→ **Task directions**
All that is wanted is the exact lines from the first line of the data below through the line with "③爪先から星(ラメ)が降り注ぐようなイメージで「∩」の形に散らばせる", both ends included, with pictures omitted.

*** Recorded information Section Begins ***

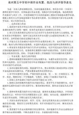 泉州五中所有文化学科实行校本作业制度,由年段学科备课组按教学计划统一编制。校本作业质量实行备课组长、教研组长双负责制;校本作业总量实行年段与备课组双线管理制度,备课组负责本学科每天校本作业量的控制,年段负责各班各学科书面作业时间总量的平衡与监控。
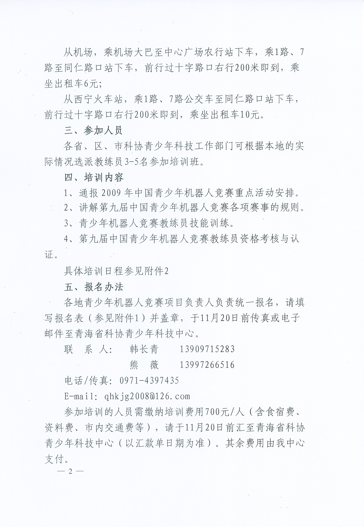 关于举办第九届中国青少年机器人竞赛教练员培训班的通知
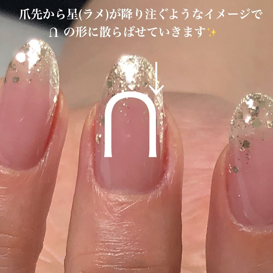 ③爪先から星(ラメ)が降り注ぐようなイメージで「∩」の形に散らばせる
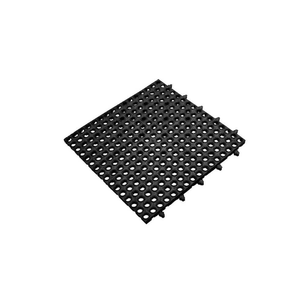 Čierna gumová dierovaná protišmyková rohož Tough - dĺžka 48 cm, šírka 48 cm, výška 2 cm Táto čierna protišmyková dierovaná rohož Tough je perfektnou voľbou ako rohož do mokrého prostredia. Drenážne otvory umožňujú odvetrávanie, pretekanie tekutín a prepadávanie nečistôt, povrch tak zostáva suchý a čistý. Pravidelné čistenie saponátom a tlakovou vodou predlžuje ich životnosť. A vďaka použitému recyklovanému materiálu z ktorého je rohož tvorená je aj ekonomickým riešením. Najčastejšie použitie priemyselné prostredie sprchy Vlastnosti protišmyková norma DIN 51130 (R10) vhodná do mokrého a vlhkého prostredia všeobecná odolnosť voči chemikáliám, olejovzdorná protišmykovosť spĺňajúca DIN 51130 (R10) ekonomické a ekologické riešenie, vďaka recyklovanému materiálu ľahko sa čistí Technický popis materiál: recyklovaná guma a plast farba: čierna dĺžka: 48 cm šírka: 48 cm výška: 2 cm priemer otvorov: 1,6 cm hmotnosť: 1,95 kg teplotná stabilita: 0 až 140 °C Údržba Odporúčame čistiť dezinfekčnými prostriedkami alebo sterilnou parou ktorý dôkladne opláchnite. Aby nebola ovplyvnená odolnosť voči šmyku. Rohož by nemala byť vystavená častému slnečnému svitu. Montáž / inštalácia voľné položenie na podlahu prilepenie na podlahu trvalým lepidlom: F44, pre mokré prostredie F74 / F81 / F84 prilepenie na podlahu dočasným lepidlom: F41
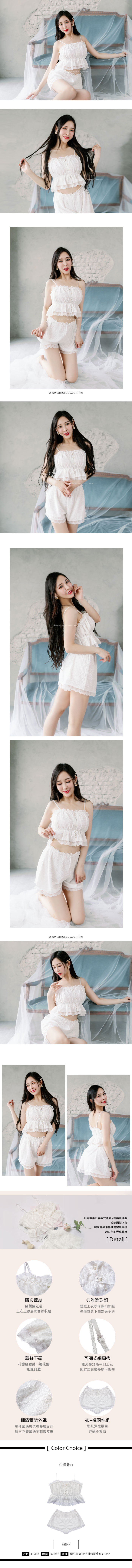 ☑細肩帶平口兩截式睡衣+睡褲兩件組 ☑珍珠圓扣上衣 ☑層次蕾絲堆疊唯美宮廷風格 ☑純白色的天真狂想

*** Recorded information Section Ends ***

→ **Exercise result**
 泉州五中所有文化学科实行校本作业制度,由年段学科备课组按教学计划统一编制。校本作业质量实行备课组长、教研组长双负责制;校本作业总量实行年段与备课组双线管理制度,备课组负责本学科每天校本作业量的控制,年段负责各班各学科书面作业时间总量的平衡与监控。
 关于举办第九届中国青少年机器人竞赛教练员培训班的通知
 ③爪先から星(ラメ)が降り注ぐようなイメージで「∩」の形に散らばせる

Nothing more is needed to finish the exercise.